Locataire - le
Tenant - the
Petit employé sans histoire, Trelkovsky décroche la location d'un petit appartement à Paris, qui aurait appartenue à une certaine Simone Schoul, venant fraîchement de se défenestrer. En lui rendant visite à l'hôpital, il rencontre Stella, l'une de ses amies, et assiste à son douloureux dernier souffle. Dans son nouvel immeuble, le jeune homme se sent très vite agressé par ses voisins, voyant son équilibre mental décliner de jour en jour.
Dès 1965, Polanski débute sa trilogie des appartements maudits avec "Répulsion" où une jeune femme laissée seule dans son appartement, s'enfonçait progressivement dans les méandres de la folie.
En 1968, dans "Rosemary's Baby", une jeune femme enceinte voit le monde s'écrouler autour d'elle en découvrant que des présences néfastes guettent son enfant. Avec "Le Locataire", Polanski se met lui-même en scène, avec une folie grimpante renvoyant au premier volet de cette trilogie, et une capacité prodigieuse à provoquer un grand malaise avec trois fois rien.
Devant et derrière la caméra, tout comme dans "Le bal des vampires", Roman Polanski incarne le gentil Trelkovsky, petit employé polonais timide et discret, victime d'un complot cauchemardesque se refermant petit à petit sur lui : dans un sens, "Le procés" de Kafka n'est certainement pas loin…
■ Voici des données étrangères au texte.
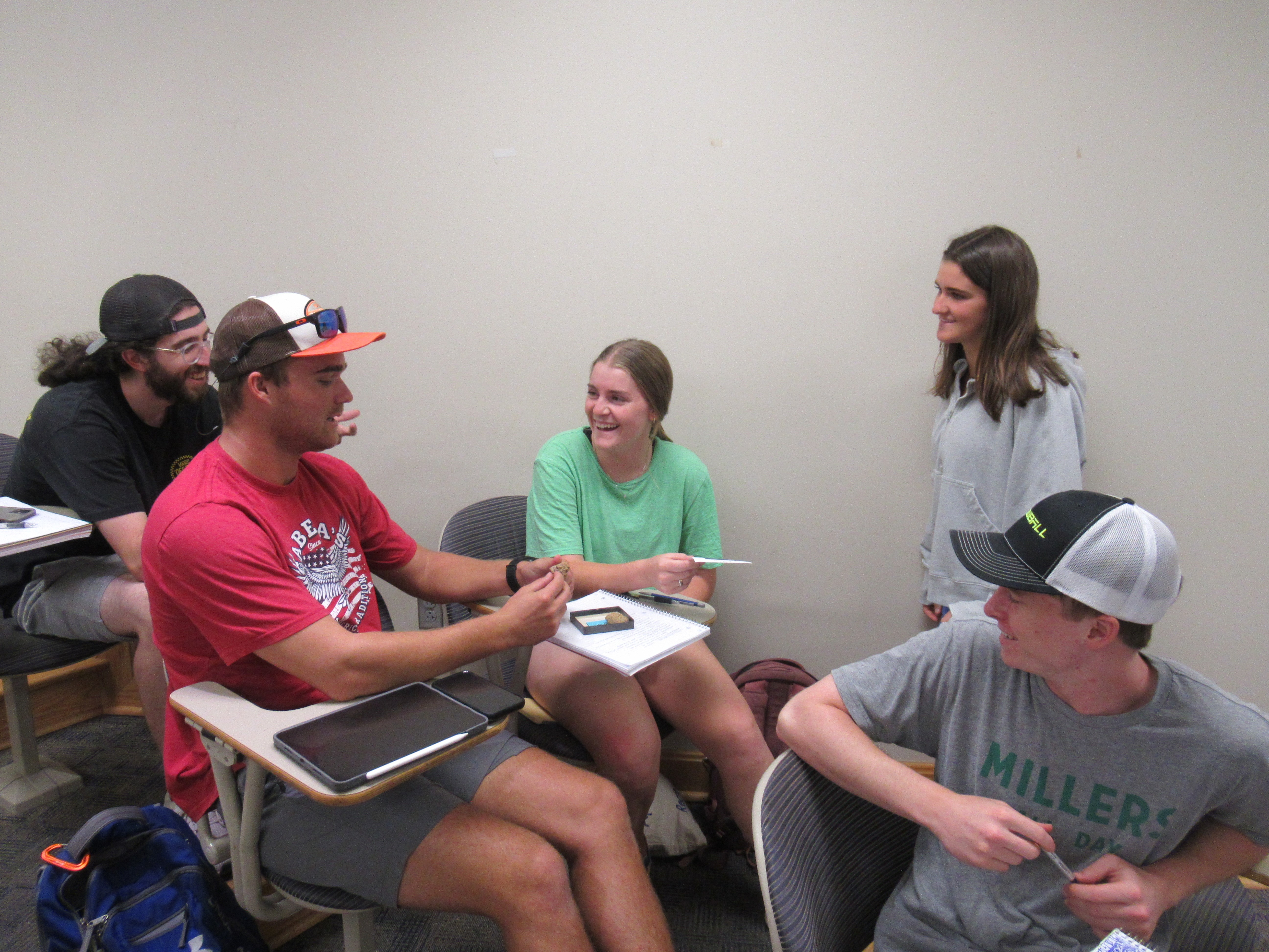 In Dr. Fronimos’ weekly meetings with his LAs, he opens this conversation up and he encourage them to be involved in the activities for the week. During the meetings, he gets suggestions from them about what is going good in the classroom and their feedback helps to shape the activities done in class. Since having LAs in his classes, Dr. Fronimos said that he can tell a difference in the classes where there are LAs. With the LAs, every group is getting someone to check in on them and the students are getting more out of the classroom and learning. He says that the attendance is even higher with the LA involvement, showing that it makes the students want to show up.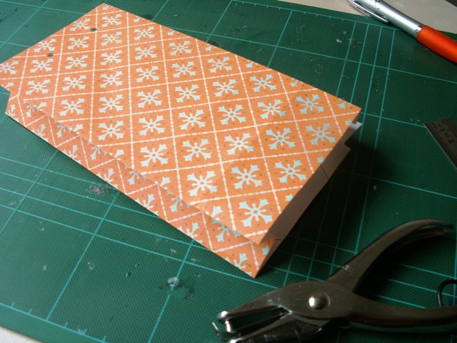 5. В верней части нашей заготовке делаем загиб шириной 3.5 см,и пробиваем отверстия для наших ручек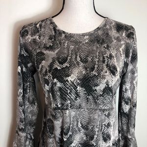 snake skin print tunic with long bell sleeves, measurements pit to pit 14" and back neck to hem 32"

Souvent gauche, silencieux, fragile, Trelkovsky évolue dans un monde qui l'oppresse sans cesse, l'écrase, même en dehors de l'appartement : ses amis bruyants et vulgaires ne semble n'avoir guère de points communs avec lui et les rares belles femmes qu'il rencontre lui font du rentre-dedans plus que direct (sans doute une mise en abîme de Polanski lui-même, qui rappelons a fréquenté Sharon Tate et se trimballe Emmanuelle Seigneur à présent !), renvoyant la balle au bond de manière maladroite.
Et ce ne sera donc pas ce nouvel appartement qui lui apportera un quelconque réconfort : toujours dans le même ton que ceux des deux précédents films de la Trilogie, celui-ci est petit, laid, cher, décrépi et, comble de l'horreur, ne possède pas de toilettes ! Il faudra également compter sur le fait que la précédente locataire s'est jetée par la fenêtre, ce qui fait d'ailleurs encore bien rigoler la concierge du bâtiment (Shelley Winters savoureusement antipathique) !
Le pire est cependant à venir, avec les plaintes incessantes des voisins, vieux bourgeois méprisants enfonçant Trelkovsky plus bas que terre.
La seule manière de se raccrocher un tant soi peu à la réalité reste la belle Stella (Isabelle Adjani, déjà aussi bien talentueuse que "out"), ancienne amie de l'ancienne locataire. L'appartement de celle-ci voire du meilleur ami de Trelkovsky, Stone, ainsi que celui de l'ami de Stella, offrent des contrastes évident avec l'appartement du jeune homme : spacieux, propres, lumineux et les voisins ne sont plus un problème, étant soit inexistants ou carrément malléables (petit apparition de Michel Blanc en pauvre bougre).
Evénements bizarres et mystères non résolues ne succèdent : certains habitants de l'immeuble se rendent dans les toilettes de l'immeuble et restent figés pendant des heures, Trelkovsky trouve une dent cachée dans un mur et se fait cambrioler, un prêtre lance un sermon putride dans une église gothique…et surtout les derniers instants de la suicidée, hurlant à la mort à la vue de ses visiteurs.
Trelkovsky sombre dans la paranoïa, se travestit, enfilant robe et perruque pour ressembler à Simone Choule, se laissant aller des heures durant à la folie furieuse dans son horrible appartement. Les rares excursions à l'extérieur virent à la catastrophe, celui-ci sentant la présence des habitants de l'immeuble partout où il va, ainsi frappé de crises de plus en violentes.
Il y a quelque chose de terriblement malsain, mais aussi d'incroyablement drôle dans ces scènes là (la scène du premier travestissement), et un sens du grotesque typiquement Toporien (la vision surréaliste de cette tête ballon, ou le rapport à la merde, avec cette fenêtre donnant sur les toilettes ou cette pauvre voisine usant de sa colique à des fins revanchardes).
Parfaite utilisation de la Louma (l'intro, glaçante et somptueuse, ou la vision de cet "opéra sadique" acclamant Trelkovsky) , musique froide et mélancolique de Philippe Sade (simple et lancinante, mais terriblement efficace, et en totale harmonie avec l'atmosphère mortifère de l'immeuble) et une conclusion terrifiante suffisent à achever son statut de classique.
* Paramount a sortit le film en DVD zone 1 depuis quelque temps avec la v.f bien sûr mais aucun bonus.